# Problem requirements
Set down each of the records below exactly as it reads. No pictures go into the copy.

# Records to process
⁂

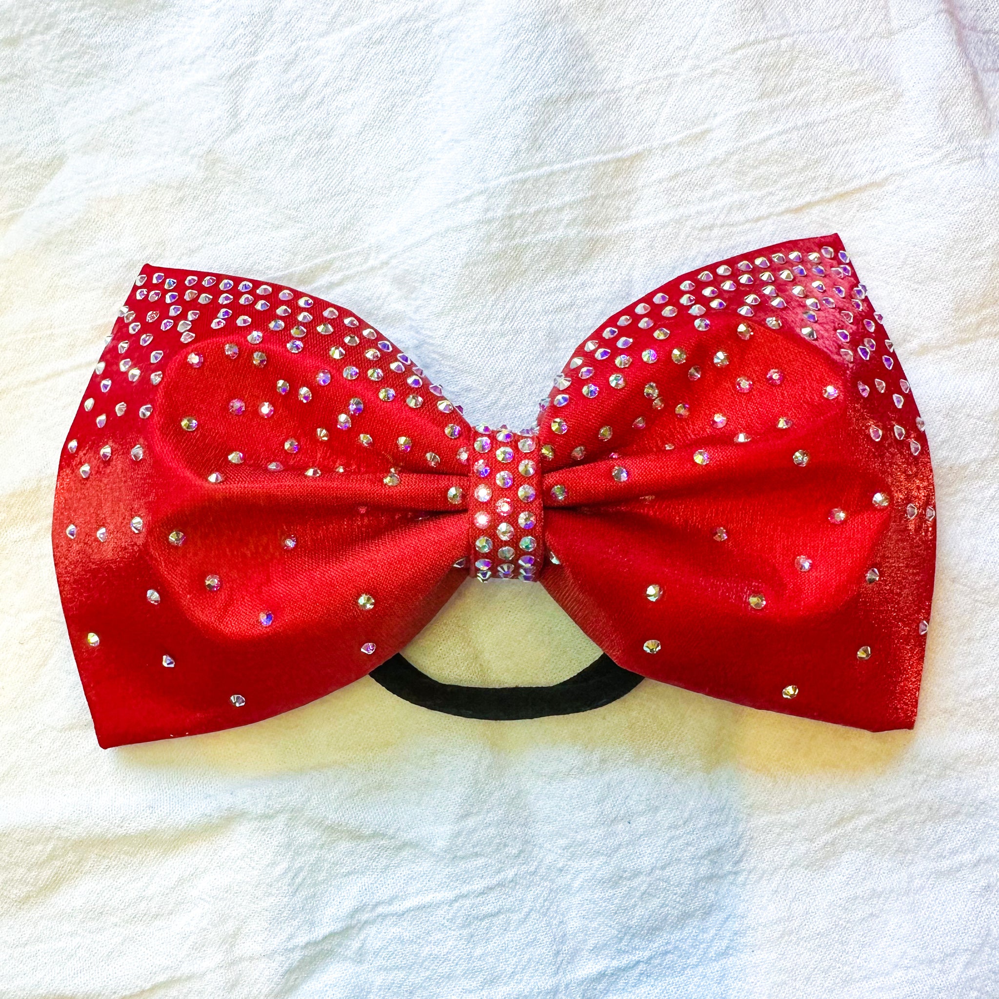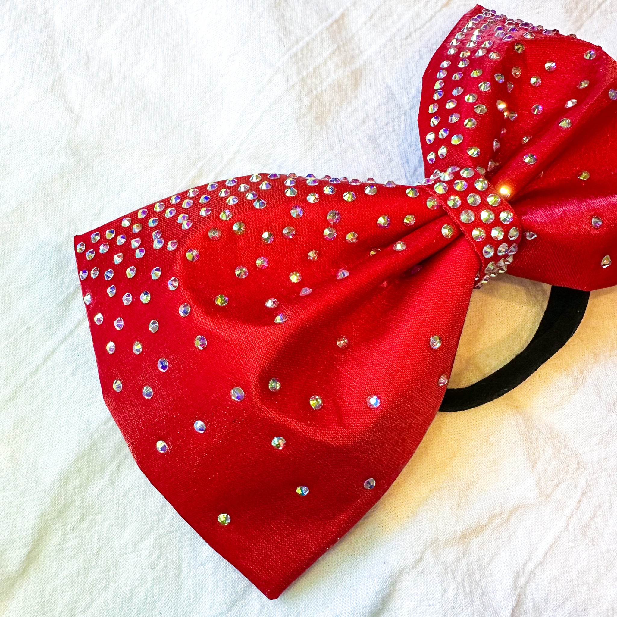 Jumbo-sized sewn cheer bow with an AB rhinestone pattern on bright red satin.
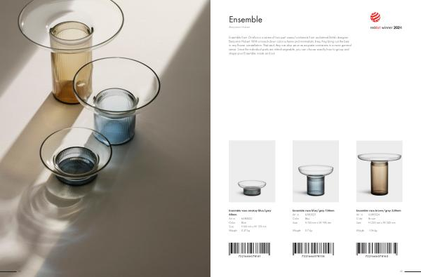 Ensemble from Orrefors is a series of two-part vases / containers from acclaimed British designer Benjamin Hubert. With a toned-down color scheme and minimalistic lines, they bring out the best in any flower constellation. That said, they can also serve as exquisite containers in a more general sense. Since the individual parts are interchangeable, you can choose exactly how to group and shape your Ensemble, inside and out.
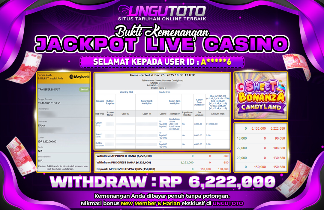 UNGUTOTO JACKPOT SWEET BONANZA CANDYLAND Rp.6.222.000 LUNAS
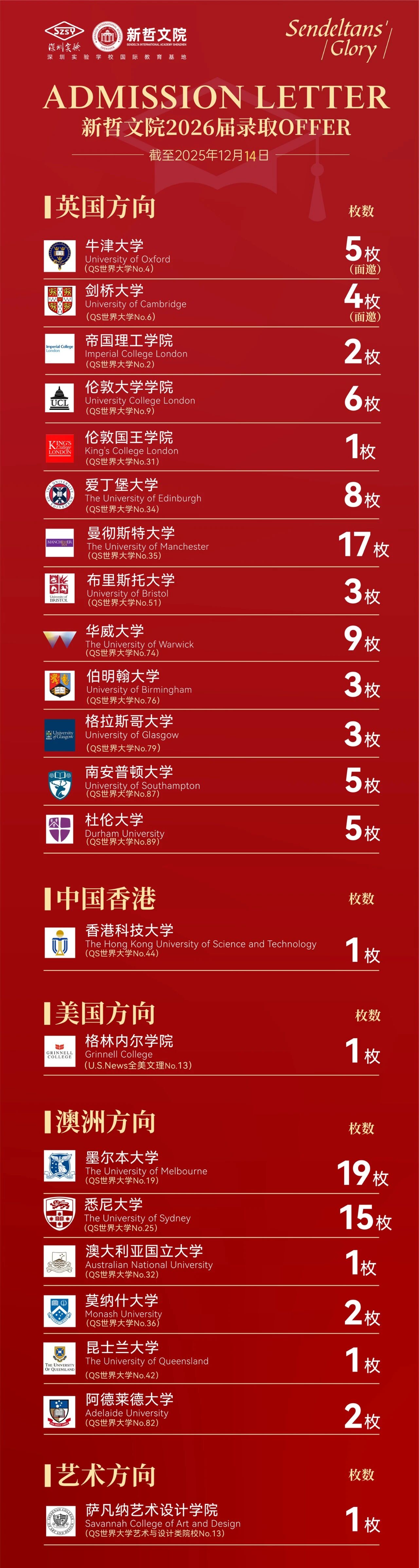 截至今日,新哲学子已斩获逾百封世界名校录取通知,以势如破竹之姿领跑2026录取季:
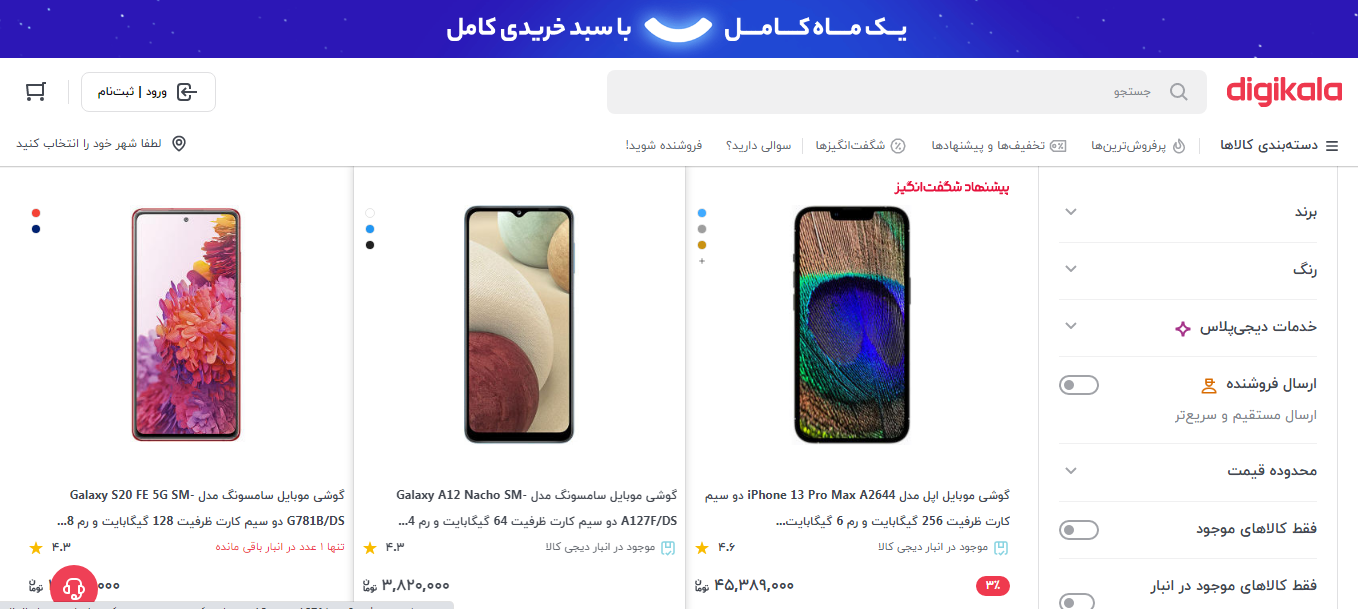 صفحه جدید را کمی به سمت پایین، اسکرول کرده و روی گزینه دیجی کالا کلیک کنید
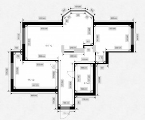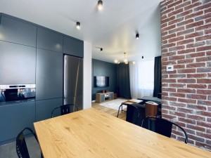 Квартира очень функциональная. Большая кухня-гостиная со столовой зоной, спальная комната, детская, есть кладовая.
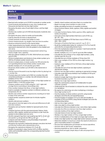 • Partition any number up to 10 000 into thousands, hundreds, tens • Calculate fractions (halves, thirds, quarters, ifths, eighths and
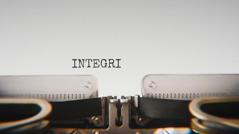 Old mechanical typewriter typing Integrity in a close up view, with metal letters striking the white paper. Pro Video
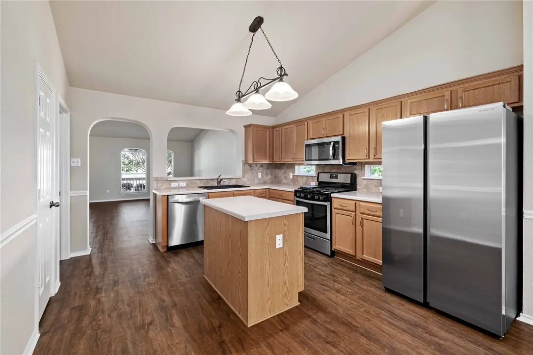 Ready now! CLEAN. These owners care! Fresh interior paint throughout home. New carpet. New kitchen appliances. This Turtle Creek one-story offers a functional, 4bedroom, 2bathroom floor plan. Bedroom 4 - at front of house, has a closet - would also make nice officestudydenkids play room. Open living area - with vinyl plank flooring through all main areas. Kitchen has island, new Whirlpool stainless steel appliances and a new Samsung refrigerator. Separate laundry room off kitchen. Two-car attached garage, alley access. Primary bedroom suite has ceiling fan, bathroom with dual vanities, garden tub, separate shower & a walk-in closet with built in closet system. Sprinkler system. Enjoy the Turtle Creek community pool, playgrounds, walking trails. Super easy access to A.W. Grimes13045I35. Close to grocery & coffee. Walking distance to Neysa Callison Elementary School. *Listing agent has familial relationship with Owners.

⁂

# Response to the exercise
 Jumbo-sized sewn cheer bow with an AB rhinestone pattern on bright red satin.
 Ensemble from Orrefors is a series of two-part vases / containers from acclaimed British designer Benjamin Hubert. With a toned-down color scheme and minimalistic lines, they bring out the best in any flower constellation. That said, they can also serve as exquisite containers in a more general sense. Since the individual parts are interchangeable, you can choose exactly how to group and shape your Ensemble, inside and out.
 UNGUTOTO JACKPOT SWEET BONANZA CANDYLAND Rp.6.222.000 LUNAS
 截至今日,新哲学子已斩获逾百封世界名校录取通知,以势如破竹之姿领跑2026录取季:
 صفحه جدید را کمی به سمت پایین، اسکرول کرده و روی گزینه دیجی کالا کلیک کنید
 Квартира очень функциональная. Большая кухня-гостиная со столовой зоной, спальная комната, детская, есть кладовая.
 • Partition any number up to 10 000 into thousands, hundreds, tens • Calculate fractions (halves, thirds, quarters, ifths, eighths and
 Old mechanical typewriter typing Integrity in a close up view, with metal letters striking the white paper. Pro Video
 Ready now! CLEAN. These owners care! Fresh interior paint throughout home. New carpet. New kitchen appliances. This Turtle Creek one-story offers a functional, 4bedroom, 2bathroom floor plan. Bedroom 4 - at front of house, has a closet - would also make nice officestudydenkids play room. Open living area - with vinyl plank flooring through all main areas. Kitchen has island, new Whirlpool stainless steel appliances and a new Samsung refrigerator. Separate laundry room off kitchen. Two-car attached garage, alley access. Primary bedroom suite has ceiling fan, bathroom with dual vanities, garden tub, separate shower & a walk-in closet with built in closet system. Sprinkler system. Enjoy the Turtle Creek community pool, playgrounds, walking trails. Super easy access to A.W. Grimes13045I35. Close to grocery & coffee. Walking distance to Neysa Callison Elementary School. *Listing agent has familial relationship with Owners.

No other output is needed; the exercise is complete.